I'm still trying to decide what lxc should do differently. You can
most easily get past this problem bug adding a check for

seccomp_arch_exist(compat_ctx, arch)

before the seccomp_arch_add is called. But I'm wondering what we should
be doing for your case in general. Should we continue to create a (default)
64-bit and a (compat) 32-bit context?

[copyninja]

Thanks guys for fixing this issue!.

[evgeni]

It seems 473ebc7 was reverted again and thus this issue still persists?

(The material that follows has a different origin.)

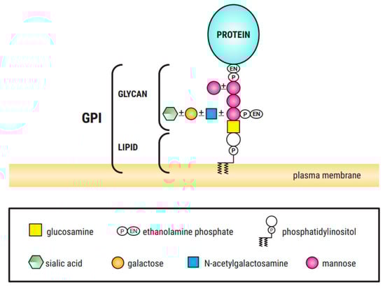 - Kinoshita, T. Biosynthesis and biology of mammalian GPI-anchored proteins. Open Biol. 2020, 10, 190290. [Google Scholar] [CrossRef] [Green Version]
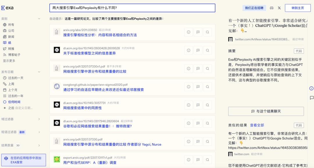 我搜的第一个问题是:Exa和Perplexity有什么不同?

@copyninja @stgraber shall this be reopened again?

[copyninja]

@evgeni Is the reverted lxc released?. I basically first tested this on lxc shipped from Debian so if its really reverted then I think issue needs to be reopened.

[evgeni]

@copyninja as far as I can tell even the fixed one is not released as both commits are only in the 2.0 (master) branch.

[copyninja]

@evgeni that is bad :(. If the fix is reverted I think this issue should be reopened but I can't do it.

[nboullis]

Hi,

For those who are interested, I could patch debian’s LXC 1:1.0.6-6+deb8u5 to run on a i386 userspace with an amd64 kernel. The patch is here: 0099-seccomp-64bit-kernel-32bit-userspace.patch

For more info, see my comment.

[brauner]

@copyninja, @nboullis, @evgeni see #2274 and #2275.